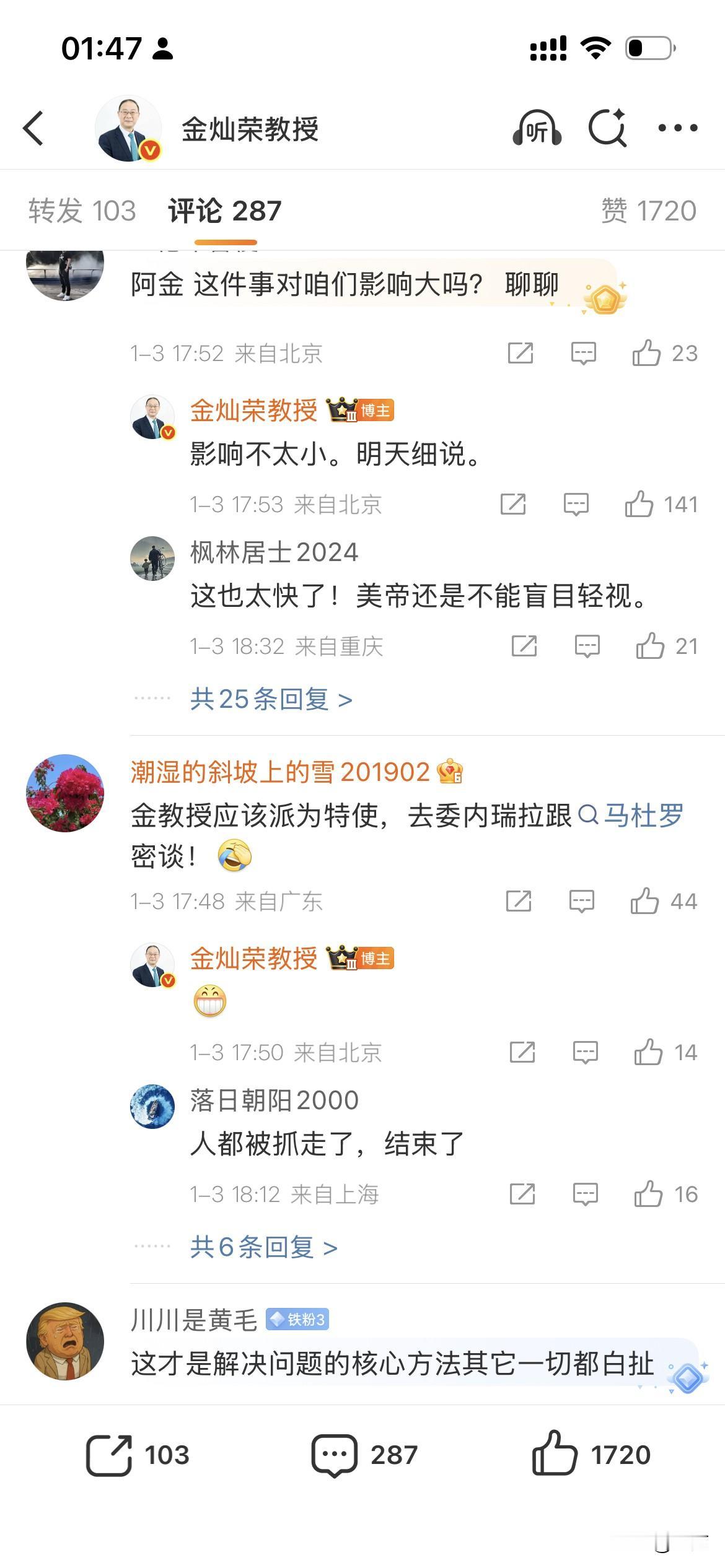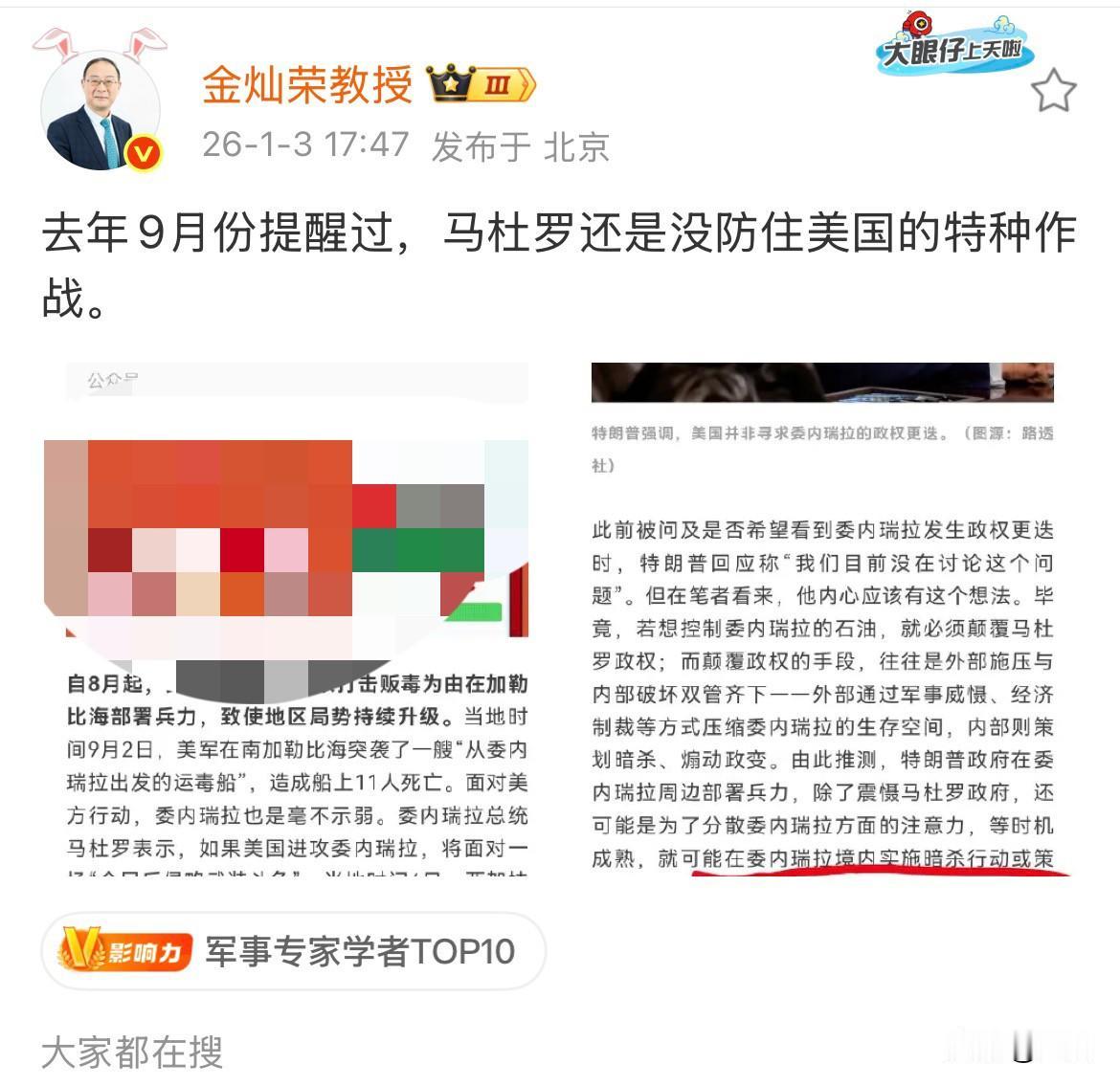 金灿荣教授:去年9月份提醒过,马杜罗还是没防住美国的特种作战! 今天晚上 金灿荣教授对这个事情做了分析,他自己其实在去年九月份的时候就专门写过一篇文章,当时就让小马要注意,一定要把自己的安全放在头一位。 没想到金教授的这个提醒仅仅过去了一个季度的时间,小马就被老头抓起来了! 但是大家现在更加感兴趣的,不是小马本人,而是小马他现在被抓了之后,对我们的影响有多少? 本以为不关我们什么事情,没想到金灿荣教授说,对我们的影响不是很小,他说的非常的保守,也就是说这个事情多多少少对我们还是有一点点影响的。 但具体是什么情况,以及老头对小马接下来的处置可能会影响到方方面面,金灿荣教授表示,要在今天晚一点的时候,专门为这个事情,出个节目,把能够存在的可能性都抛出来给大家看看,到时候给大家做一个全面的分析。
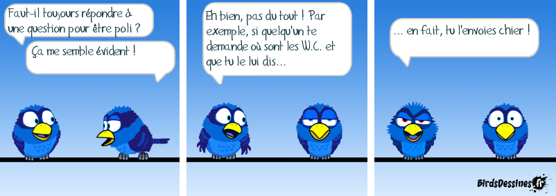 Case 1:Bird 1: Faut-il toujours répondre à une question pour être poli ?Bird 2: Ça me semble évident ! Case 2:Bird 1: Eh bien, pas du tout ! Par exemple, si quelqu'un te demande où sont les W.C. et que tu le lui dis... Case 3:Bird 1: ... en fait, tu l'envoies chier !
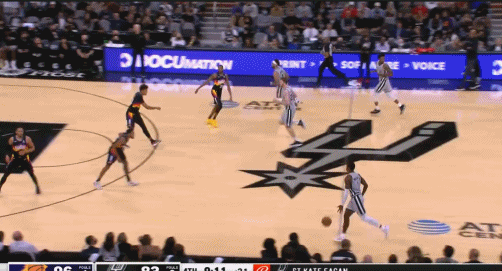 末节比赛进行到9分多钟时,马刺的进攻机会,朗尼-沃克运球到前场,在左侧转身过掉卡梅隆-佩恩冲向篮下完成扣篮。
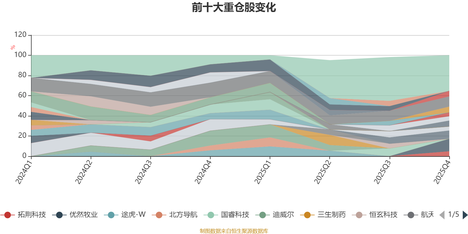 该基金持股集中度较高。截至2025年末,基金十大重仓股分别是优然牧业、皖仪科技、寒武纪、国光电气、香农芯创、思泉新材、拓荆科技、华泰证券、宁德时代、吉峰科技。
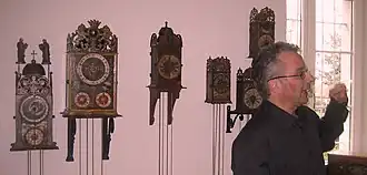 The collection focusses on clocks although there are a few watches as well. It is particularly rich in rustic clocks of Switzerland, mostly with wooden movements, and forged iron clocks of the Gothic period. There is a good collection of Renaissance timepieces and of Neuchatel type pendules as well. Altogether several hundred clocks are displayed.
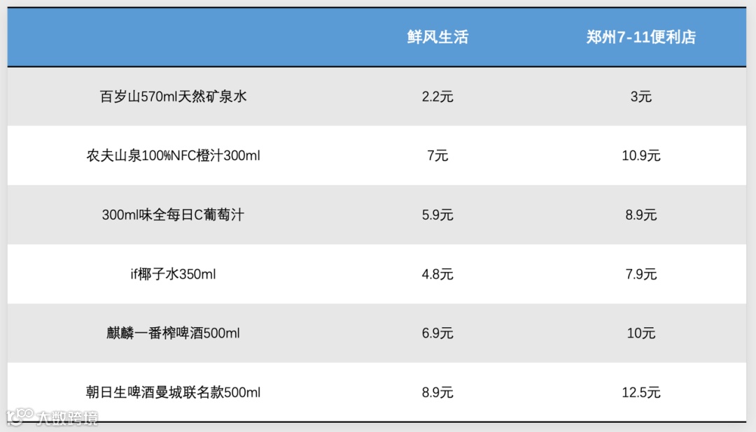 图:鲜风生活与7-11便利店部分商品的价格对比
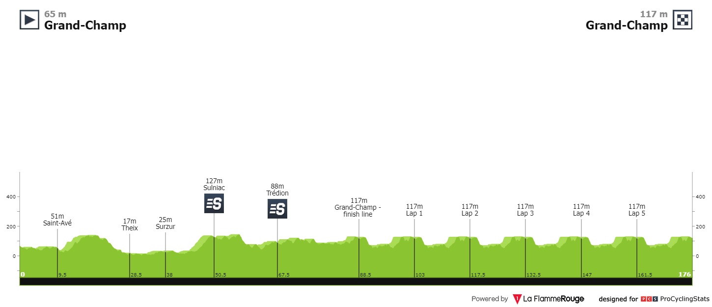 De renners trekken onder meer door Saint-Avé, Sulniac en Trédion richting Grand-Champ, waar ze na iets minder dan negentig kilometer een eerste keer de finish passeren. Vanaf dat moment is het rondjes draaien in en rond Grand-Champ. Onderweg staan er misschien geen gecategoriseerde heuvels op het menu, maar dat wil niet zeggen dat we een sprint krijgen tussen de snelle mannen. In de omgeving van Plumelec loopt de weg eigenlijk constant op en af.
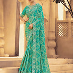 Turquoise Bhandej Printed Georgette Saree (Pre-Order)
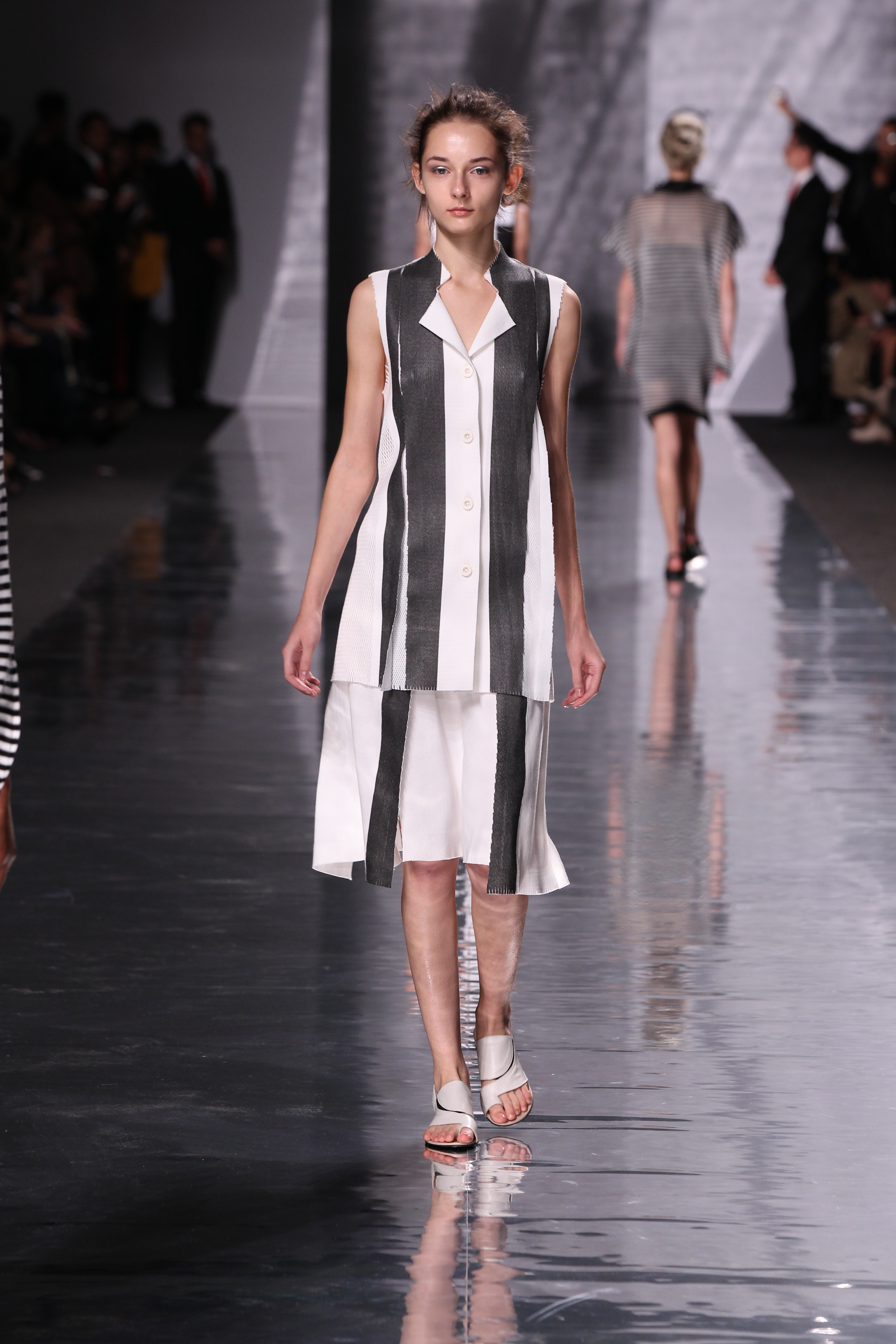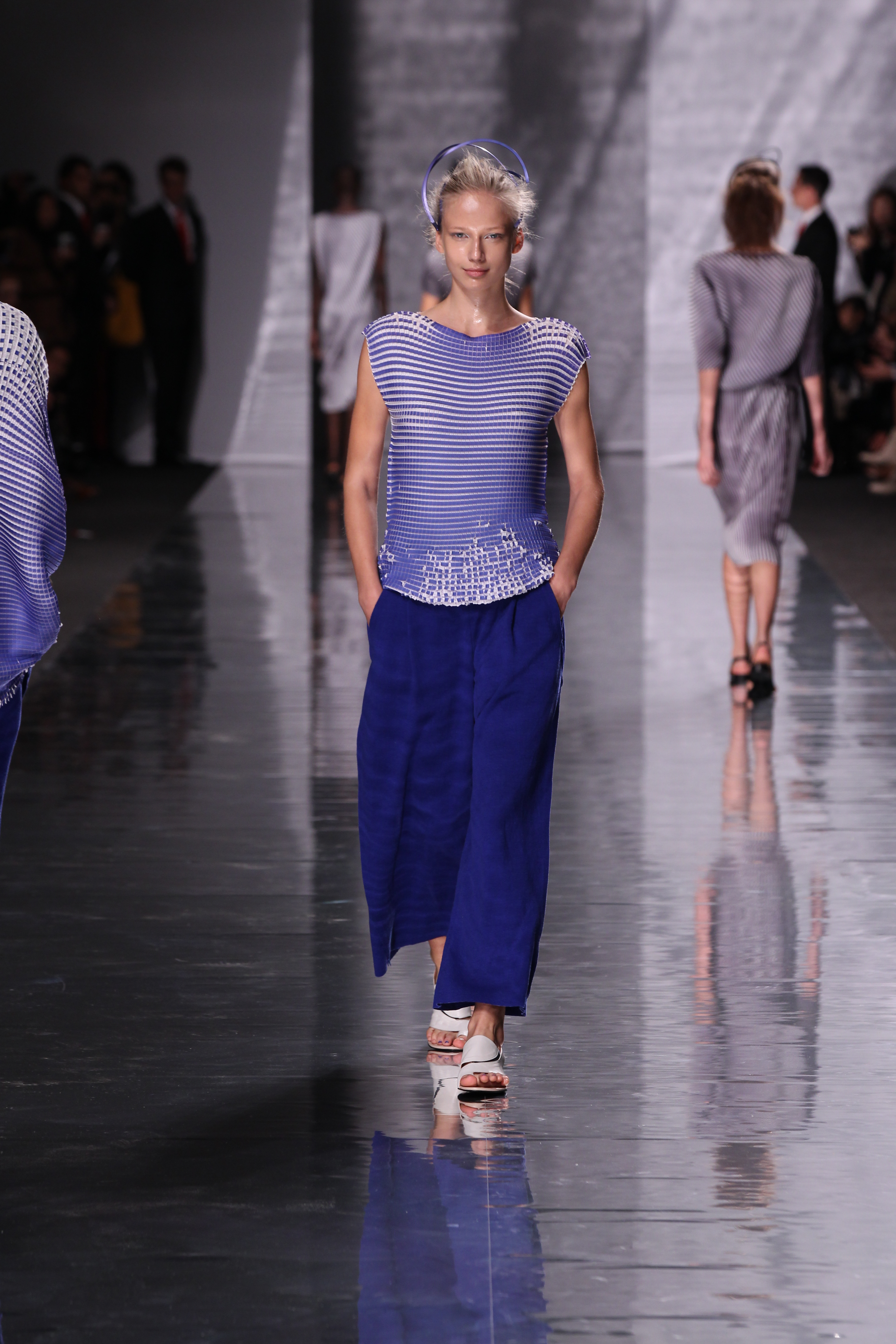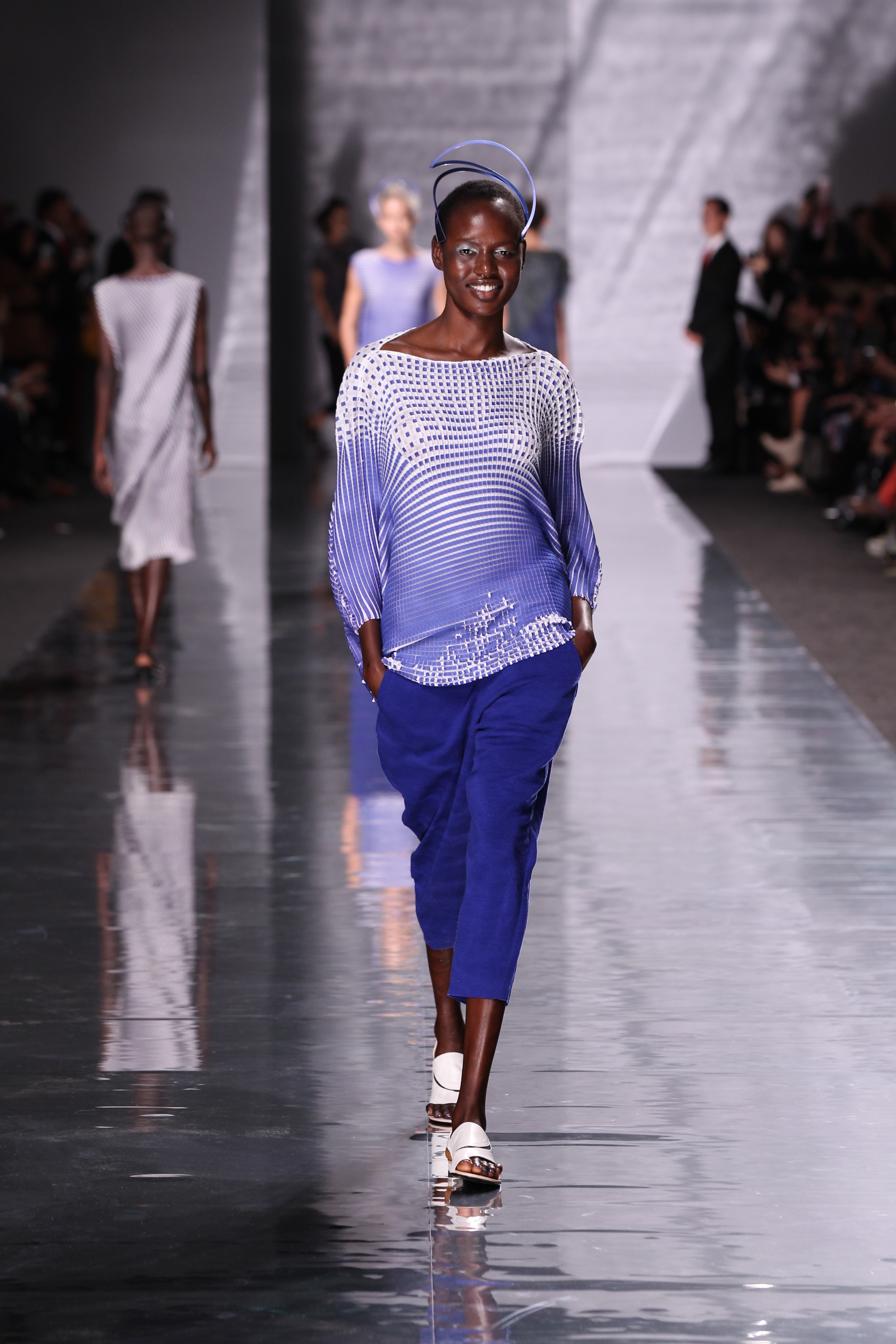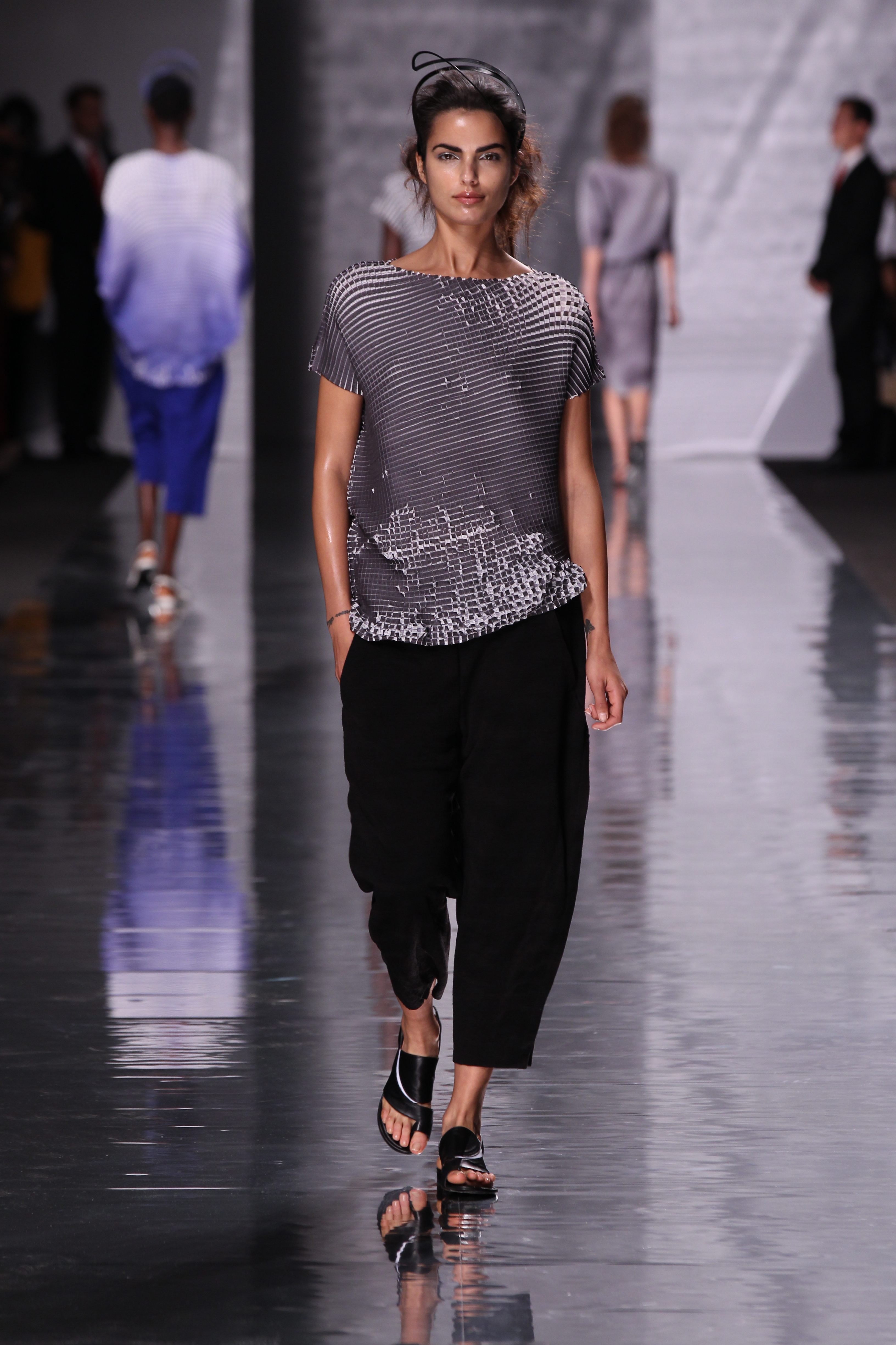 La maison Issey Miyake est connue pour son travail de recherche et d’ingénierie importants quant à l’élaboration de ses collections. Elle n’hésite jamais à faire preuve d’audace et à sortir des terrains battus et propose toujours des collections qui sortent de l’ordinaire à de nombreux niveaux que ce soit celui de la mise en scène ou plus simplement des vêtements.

============================================================

TASK STATEMENT:
Everything from the line with "Case 1:Bird 1: Faut-il" through the line with "末节比赛进行到9分多钟时,马" in the material above should be transcribed exactly, except the pictures.

RESPONSE AREA:
 Case 1:Bird 1: Faut-il toujours répondre à une question pour être poli ?Bird 2: Ça me semble évident ! Case 2:Bird 1: Eh bien, pas du tout ! Par exemple, si quelqu'un te demande où sont les W.C. et que tu le lui dis... Case 3:Bird 1: ... en fait, tu l'envoies chier !
 末节比赛进行到9分多钟时,马刺的进攻机会,朗尼-沃克运球到前场,在左侧转身过掉卡梅隆-佩恩冲向篮下完成扣篮。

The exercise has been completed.